Between January 2021 and May 2022, 12 patients with valgus-impacted femoral neck fractures were treated by a combination of percutaneous screwdriver rod-assisted closed reduction and the use of the femoral neck system (FNS) for internal fixation. Among the group, there were 6 males and 6 females; their median age was 525 years, and their ages spanned a range of 21 to 63 years. Two cases of fractures stemmed from traffic accidents, nine from falls, and one from a fall from a high location. Seven unilateral, closed femoral neck fractures were found on the left, and an additional five were observed on the right. The timeframe from the moment of injury to the scheduled surgical intervention showed a range of 1-11 days, with a mean duration of 55 days. The postoperative period was monitored for both fracture healing and any associated complications, and these were recorded. Employing the Garden index, the quality of fracture reduction was assessed. In the final follow-up stage, hip joint function was evaluated using the Harris score, along with the measurement of femoral neck shortening.
The successful completion of all operations is a fact. One case, post-operatively, displayed fat liquefaction at the incision site, which resolved favorably with enhanced dressing changes. In contrast, the remaining patients experienced first-intention wound healing. Follow-up of all patients extended from 6 to 18 months, resulting in an average observation period of 117 months. The X-ray film re-evaluation, in accordance with the Garden index, indicated a satisfactory reduction quality in ten cases and an unsatisfactory quality in two. Bony union was confirmed in all fractured sites, and healing times spanned from three to six months, presenting a 48 month average. Following the final follow-up, the femoral neck exhibited a shortening of 1 to 4 mm, with an average reduction of 21 mm. Subsequent monitoring of the patients did not uncover any instances of internal fixation failure or osteonecrosis of the femoral head. The final follow-up measurements of the hip Harris scores demonstrated a range of 85 to 96, averaging 92.4. Ten cases were determined to be excellent and two were classified as good.
By utilizing the percutaneous screwdriver rod-assisted approach to closed reduction, valgus-impacted femoral neck fractures can be effectively addressed. This offers the benefits of easy operation, effective results, and minimal disruption to the blood flow.
The efficacy of a percutaneous screwdriver rod-assisted closed reduction is well-established in treating valgus-impacted femoral neck fractures. The device's advantages include effortless operation, significant effectiveness, and a minimal effect on the blood's circulation.

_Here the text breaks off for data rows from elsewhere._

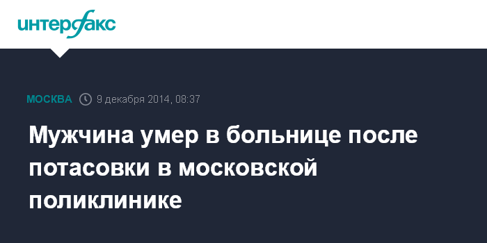 Мужчина умер в больнице после потасовки в московской поликлинике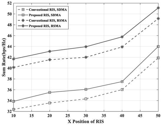 Figure 5 and Figure 6 show that the proposed RIS-assisted RSMA scheme had a higher sum-rate performance than the conventional RIS-assisted SDMA, because the proposed grouping was more adaptive and the RSMA scheme was more flexible in managing the interference. In the simulations, Algorithms 1 and 2 were applied as the proposed grouping scheme and the optimization of RS power-splitting ratio. Furthermore, the number of groups in the simulation was a number that could be divided by the number of elements. Since the number of users was set to 3, the number of groups should be greater than 3 to apply Algorithm 1. Therefore, in this paper, the number of groups was set to 4 and 8. Figure 5 shows the sum-rate performance according to the transmit power of the BS. The RSMA scheme achieved almost the same performance with about 10dBm lower power than the SDMA scheme. Furthermore, the proposed RIS had more improved performance than the conventional RIS. Therefore, it is demonstrated that proposed RIS-assisted RSMA scheme that had a similar performance with a low transmit power was more energy efficient than the conventional RIS-assisted SDMA scheme. In Figure 6, it is shown that the sum-rate performance improved when the position of the RIS was close to the UEs. However the RSMA scheme ensured a higher sum-rate than the SDMA scheme, even if the RIS was far away from the UEs.
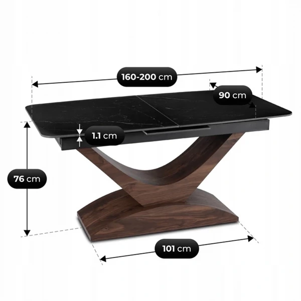 Maksymalna długość stołu po rozłożeniu: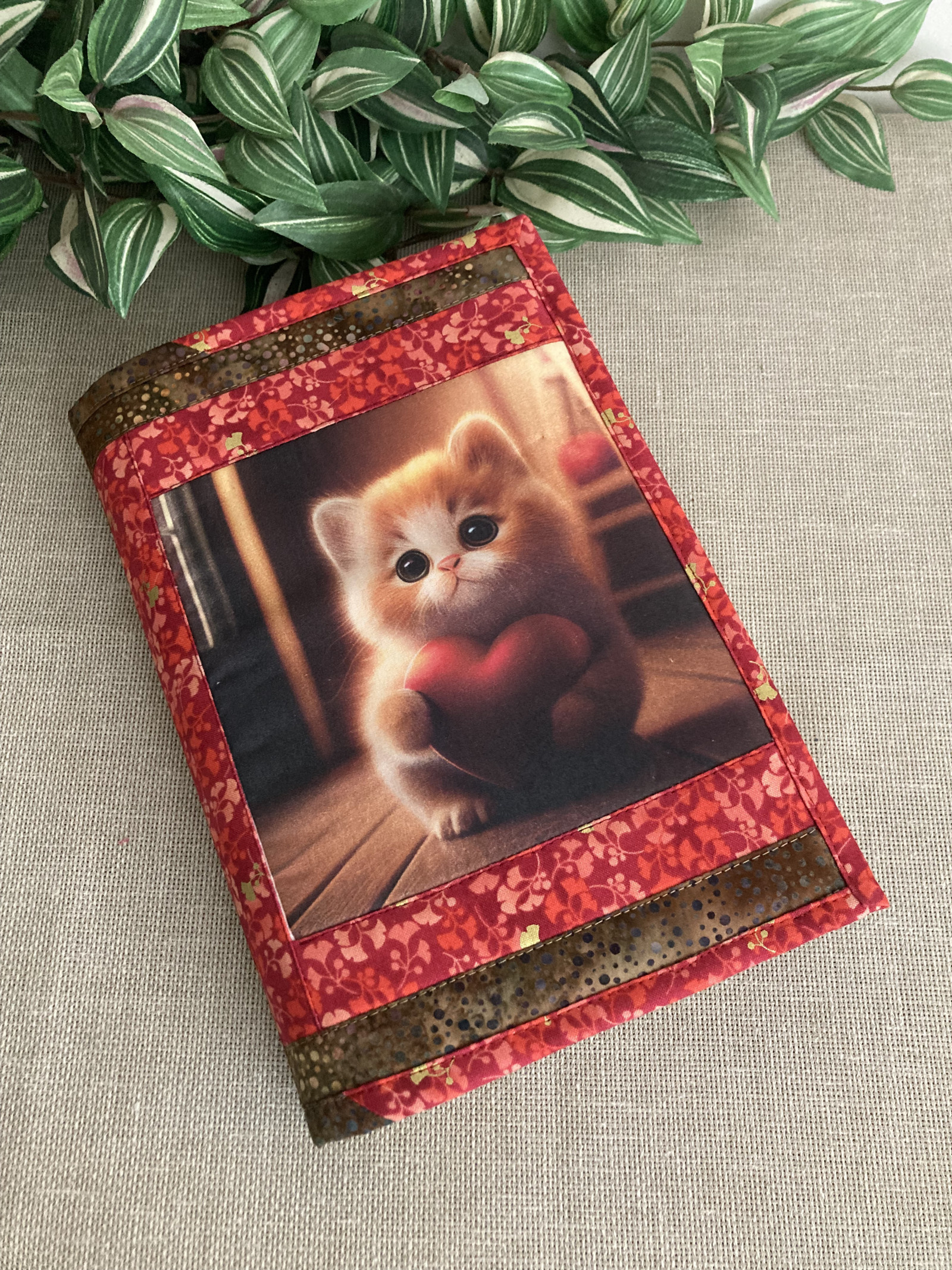 Stylový, měkký látkový obal , který může proměnit jakýkoli váš standardní denní zápisník nebo Váší knihu, a dát jim jedinečný styl a osobnost. Je vhodný i pro objemnější knihy a pro výšku knih do 23 cm. Je to zamýšleno tak, že ohýbací část slouží jako záložka do knihy. Je tedy možné vložit tuto ohýbací část dovnitř mezi stránky rozečtené knihy a knihu zavřít.Obal je vyrobeny technikou patchwork z odolné bavlněné kvalitní zahraniční látky. Všechno je pečlivě prošité a vyztužené, žádné zbytečné detaily a otevřené švy. V případě potřeby lze prát, nejlépe jemnými prostředky, v teplé vodě, osušit ručníkem, sušit v narovnaném stavu,v případě potřeby žehlit žehličkou na teplotu pro bavlnu.

To assess the initial efficacy of arthroscopic rotator cuff repair, specifically contrasting the single-row modified Mason-Allen technique against the double-row suture bridge technique for moderate tears.
Between January 2021 and May 2022, the clinical data of 40 patients with moderate rotator cuff tears, who met specific selection criteria, were subjected to a retrospective analysis. Utilizing the modified single-row Mason-Allen suture technique, twenty cases were repaired (single-row group); conversely, twenty cases were managed with the double-row suture bridge technique (double-row group). No significant difference in gender, age, disease duration, rotator cuff tear size, and preoperative visual analogue scale (VAS) score, Constant-Murley score, and T2* value was apparent between the two study groups.